****
Tik
Tak
Tik
Tak
Tik
Tak...
Duvarda duran, en az yüz senelik sarkaçlı saatin sesi kulağını dolduruyordu. O kasvetli, karanlık dolap büyüklüğündeki odada alışık olduğu rutubet kokusu ciğerlerini doldururken, minik ellerinin biri ağzında biri gözlerindeydi. Minicik kalbi yerinden çıkacak gibi atıyor, duyulur korkusuyla kesik kesik nefesler alıyordu. Ağlamak geliyordu içinden, bağır çağır ağlamak. Anne demek, kurtar beni çıkar bu karanlıktan, korkuyorum demek istiyordu. Ona en acı veren, küçücük kalbini korku ile dolduran da buydu.
Köşede tir tir titrerken duyduğu kapı sesiyle olduğu yerden sıçradı. "Öldüreceğim seni, çık saklandığın delikten." diye bağırmıştı bir kadın sesi. Bir dakika sonra da içinde bulunduğu merdiven boşluğundaki odanın kapısı tekmelenmeye başladı.
"Aç şu kapıyı çık dışarı yoksa kırarım bu kapıyı. Bir de başıma çıkardığın masraf yüzünden döverim seni çııık. Ellerimle boğarım seni küçük katil..." diyordu kapıdaki korkunç kadın.
Minicik ellerini gözlerinden çekip kulaklarına götürdü. Duymak istemiyordu bu sözleri. O korkunç kadın her sözünün sonuna bunu eklerdi "Katil!" Peki o ne demekti..
Daha fazla tutamamıştı kendini hıçkıra hıçkıra ağlamaya başlamıştı. "Anne..." demişti incecik çıkan sesiyle "Ben bir şey yapmadım anne ne olur dövme beni." ve nefesi kesilircesine ağlamaya devam etmişti..
O ağlarken kapının arkasındaki korkunç kadın gerçekten de dediğini yapmış ve kapıyı bir şekilde açmayı başarmıştı. Beş yaşında bir çocuk için fazlası ile karanlık olan odaya bir hışımla dalıp eski eşyaların arkasına saklanan küçücük çocuğu kolundan tuttuğu gibi salonun ortasına fırlatmıştı.
"Ben sana dışarı çıkmayacaksın demedim mi? Ne yapayım ben şimdi sana haa ne yapayım?" diye bağırıyordu aynı zamanda. Düşmenin etkisiyle acıyan dizlerini kendine çekmiş, her iki elini yalvarırcasına önden birleştirerek "Özür dilerim anne, özür dilerim anne..." diyebiliyordu sadece ağlamaların arasında.
"Yok..." dedi yüzünde en az kendi kadar korkunç şeytani bir gülümseme ile. "O kadar kolay kurtulamazsın." diyerek kapı girişindeki dolaba yöneldi.
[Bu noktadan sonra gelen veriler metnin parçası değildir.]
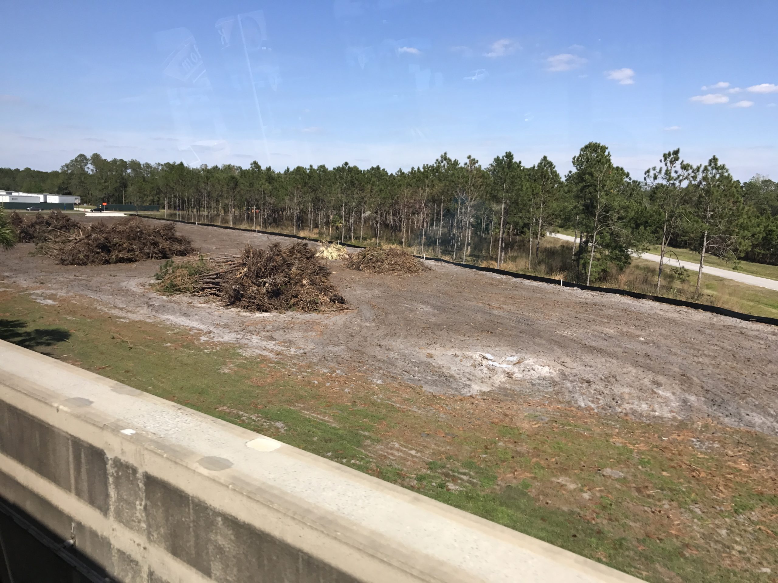 A ton of trees on the right side of the toll plaza are cleared for a new road to take guests to Fort Wilderness Resort and Campground.
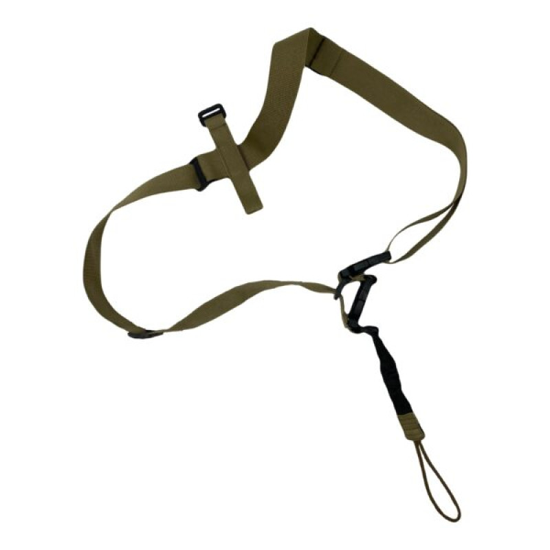 Ремень для АК трехточечный с быстрым сбросом койот• Назначение – удобное и максимально безопасное использование и перенос АК и другого подобного оружия при выполнении военных задач.• Вес – 150 г.• Материал – пластик, ПЭ, полиамидная лента.• Цвет – койот.Трехточечный тактический военный ремень из усиленной ременной ленты шириной 4 см надежно фиксирует оружие. Полиамидные ленты отличаются достаточно высокой прочностью, повышенной износостойкостью, а также устойчивостью к воздействиям внешней среды. Поэтому полиамидные ременные ленты нашли широкое применение при пошиве военной амуниции.С одного конца ремень крепится к оружию тихим бесшумным жгутом, с другой – универсальный держатель на липучке. Бесшумный тихий крепеж обеспечивает скрытность и дополнительную безопасность военных.КонструкцияПрочность на разрыв:• лента – 122 кг;• фастекс – 50 кг.Благодаря регуляции пряжками ремень подходит на любой размер. Большие фастексы позволяют сбросить оружие отдельно или вместе с ремнем даже в полной темноте. Прорезиненная лента возле крепления уменьшает тряску оружия при быстром перемещении по местности.Трехточечный ремень ТТХ является гибридом одно- и двухточечного варианта. Он надевается петлей через голову и на головную руку, как одноточка. Конец петли соединяется с прикладом оружия, а третья точка – с передней частью автомата, как двухточечный ремень. Звучит сложно, но имеет существенные преимущества перед другими видами ремней.Преимущества использованияТрёхточечный ремень ТТХ отлично справляется с фиксацией на теле и удержанием оружия в нужном положении во время движения. С его помощью транспортировка автомата станет легче, чем с двумя другими типами ремней.При закрытом фастексе быстрого сброса вы можете переносить оружие плотно на груди или спине, сохраняя руки свободными, как при использовании двухточечного ремня. В противном случае вы получите возможность свободно переводить АК в боевую готовность из любого положения, как при использовании одноточечного ремня.Трёхточечный ремень ТТХ позволяет легко доставать автомат даже при движении на высокой скорости по полю боя и легко удерживать оружие на теле в любом положении.
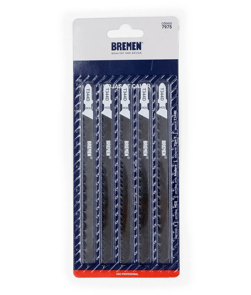 Las Hojas de Calar para Madera BREMEN son ideales para cortar madera de manera rápida y precisa. Compatibles con todas las sierras de calar con encastre en T. Su material de acero con alto contenido de carbono corta madera, plásticos y materiales no abrasivos.
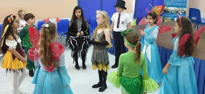 С целью раскрытия творческого потенциала и развития интереса к театрально – игровой деятельности 05 марта учащиеся 2А класса представили своим мамам и ребятам из KG1, KG2 и 3А кл. театральную постановку по мотивам сказки «Муха-Цокотуха» под руководством В.О. Провкиной.
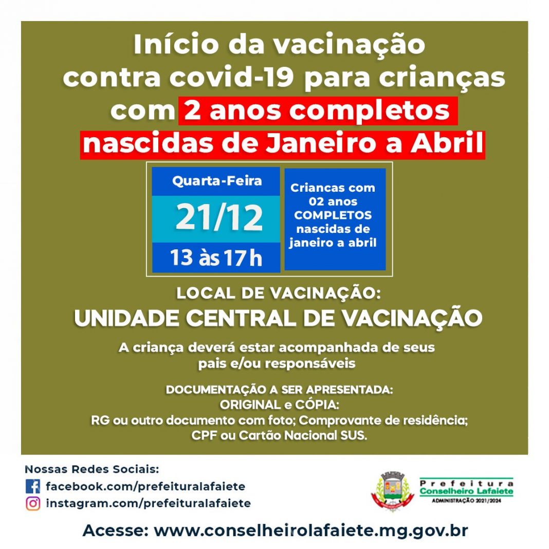 A Secretaria de Saúde de Conselheiro Lafaiete iniciará no dia 21 de dezembro, a vacinação contra a Covid-19 de crianças com 2 anos completos nascidas entre os meses de Janeiro a Abril. A imunização será realizada na Unidade Central de Vacinação no horário de 13:00 às 17:00 horas. Destacamos que este horário o atendimento na Unidade Central de Vacinação será EXCLUSIVO para aplicação da vacina Pfizer Baby. (Neste dia a à vacinação de rotina das demais vacinas podem ser administradas nas Unidades de Estratégia de Saúde da Família dos bairros).
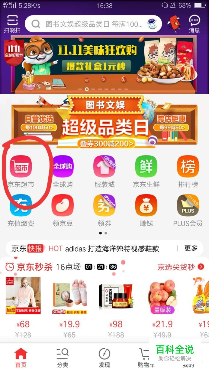 点开后的界面如图所示,我们找到“京东超市”,点击
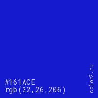 Цвет #161ACE в цветовой модели RGB обозначается тремя октетами (22, 26, 206) в десятичном формате и #161ACE в шестнадцатиричном (hex) формате, которые являются интенсивностью красного 22 (hex 16), интенсивность зелёного 26 (hex 1A) и интенсивность синего 206 (hex CE).
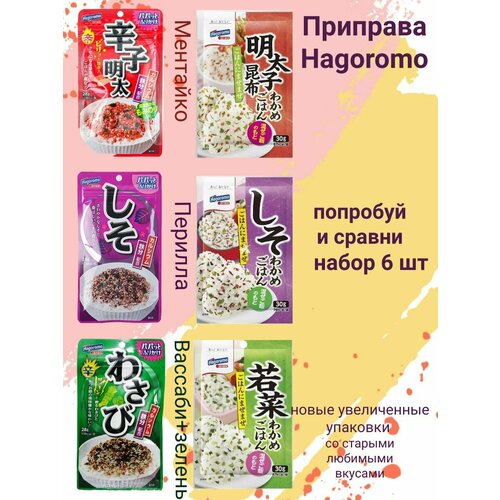 Приправа Хагоромо 6шт Перилла, менттайко, васаби и зелень с вакаме Фурикакэ для риса Hagoromo, Япония: сравнение цен, характеристики, фото, актуальное наличие и цены.

Bir dakika sonra elinde ince bir elektrik kablosu ile geri geldi "Bunlarla bağlayayım da seni o karanlık odaya gör bakalım dışarı çıkmak neymiş..." diyerek salonun ortasından yine bir hışımla aldığı çocuğu merdiven altındaki odaya sürüklemeye başladı. Bir an olsun durmayan ağlayışı ve dehşetle açılan küçücük gözleriyle "Anne ne olur yapma elimi çok acıtıyor bunlar söz veriyorum yapmayacağım bir daha ne olur anne ne olur...."
****
"Hııııııhhhh...." diye derin bir nefes verdi, sapsarı gözlerini açıp mağara tavanına dikerek. Kan ter içinde kalmıştı. Her iki eliyle yüzünü sıvazlamaya başladı. Gördüğü rüyanın etkisini atlatmaya çalıştı bir kaç saniye. Çok geçmeden gördüğü şeyin rüya değil, çocukluğundan kalma bir anı olduğu gerçeğini vurdu yüzüne acımasızca...
İnatla zihninin en derinlerine gömdüğü hatırlamamak için direndiği anıları yine en olmadık zamanda çıkmıştı karşısına.
"Komutanım iyi misiniz?" diyerek endişe içinde tepesine dikilen Alparslan'a kısa bir süre boş boş baktıktan sonra "Ne zamandır uyuyorum ben?" diye sordu boğuk bir sesle. Alparslan üniformasının göğsünün üzerinde kalan cebinden eski bir köstekli saat çıkartıp baktıktan sonra "15 dakika bile olmadı komutanım. " dedi büyük bir ciddiyetle. Oysa ki ona bir asır gibi gelmişti o 15 dakika.
ŞİMDİ OKUDUĞUN
ES: MADALYON
General FictionTarifsiz bir Aşk... Büyük bir sır... Bir madalyonun iki yüzü... Arada kalan üç hayat...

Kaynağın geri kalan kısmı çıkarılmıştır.